The next issue raised by defendants is that the State violated defendants’ *387fifth amendment right against self-incrimination and shifted the burden of proof by drawing attention to defendants’ failure to take the stand as well as their failure to offer eye-witnesses to dispute the testimony of Mona Richardson.

That portion of the closing argument which defendants question reads as follows:

“Mr. Benson: The only evidence you heard on that witness stand points to the absolute guilt of these two men. There has been not one shred of evidence that came from that witness stand that would in any manner whatsoever exonerate either of these two men for the horrible crime they committed last October. Not one shred of evidence.
Mr. Nixon: Objection, your Honor.
The Court: Overruled.
Mr. Benson: And when you go into that jury room in about a half hour you’re still not going to have heard one shred of evidence from an eyewitness from that witness stand on behalf of these two defendants—
Mr. Queeney: Object, your Honor.
The Court: You made your point, Mr. Benson. Proceed. Objection sustained.”
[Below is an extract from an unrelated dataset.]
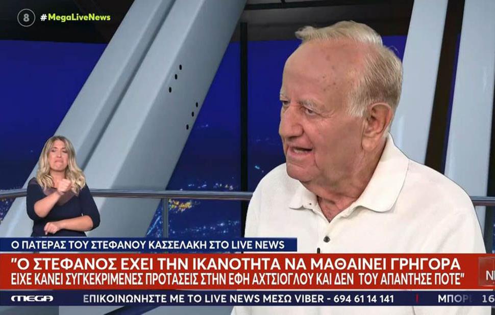 Ο πατέρας του Στέφανου Κασσελάκη, Θεόδωρος Κασσελάκης φιλοξενήθηκε στην εκπομπή Live News με τον Νίκο Ευαγγελάτο τονίζοντας ότι είναι απόλυτα σίγουρος για τον γιο του, ενώ επισήμανε ότι προέρχεται από μια δημοκρατική οικογένεια.

It is permissible for a prosecutor to comment on the uncontradicted nature of the State’s case even in situations where the only person who could have effectively contradicted the State’s evidence was the defendant himself. (People v. Skorusa (1973), 55 Ill. 2d 577, 304 N.E.2d 630.) While such forays into the realm of legal brinkmanship are always fraught with the danger of reversible error we feel that the remarks in question, considered within the context of the entire case, were neither impermissible within the teachings of Skorusa nor of sufficient gravity to mandate the reversal of defendants’ convictions.

Defendants finally contend that their sentences must be reduced so as to conform to the mandates of the Unified Code of Corrections. (Ill. Rev. Stat. 1973 Supp., ch. 38, par. 1005 — 8—4(c).) The relevant portion of this scheme provides as follows:

e # #
“(c) The aggregate maximum of consecutive sentence shall not exceed twice the maximum term authorized under Section 5 — 8—1 for the most serious felony involved. The aggregate minimum period of consecutive sentences shall not exceed twice the lowest minimum term authorized under Section 5 — 8—1 for the most serious felony involved.”

In the instant case, the trial court imposed upon defendants an aggregate minimum sentence of 90 years (i.e., 75 years for the offense of murder and 15 years for the offense of attempt murder). Under *388the aforementioned statute, the maximum aggregate minimum sentence to be imposed would be 28 years (i.e., twice 14 years, the lowest minimum for the offense of murder, the most serious felony involved).

The State apparently concedes the applicability of this provision to the prosecutions initiated in the case at bar. (See People v. Carpenter (1976), 38 Ill. App. 3d 435, 347 N.E.2d 781.) However, the State correctly points out that automatic application of this provision to the consecutive sentences imposed in the instant case would produce the anomalous result of imposing a lesser aggregate minimum sentence than might have been imposed had the trial court, in the exercise of its discretion, ordered the sentences to be served concurrently.

Such a radical reduction of the sentences imposed by the trial court would serve only to frustrate his effort to impose a punishment commensurate with the egregious conduct of defendants. Since the trial court, having heard the evidence adduced at trial and having conducted a hearing in aggravation and mitigation, is the representative of the judicial system best qualified to sentence defendants, we vacate the sentences imposed in the instant case and remand the cause to the trial court for the trial court's further consideration and the imposition of sentences in accord with,the relevant statutory provisions.

Accordingly, the judgment of the circuit court is affirmed, the sentences imposed thereon are vacated and the cause remanded for resentencing.

Judgment affirmed; sentences vacated and cause remanded.

DOWNING, P. J., and PERLIN, J., concur.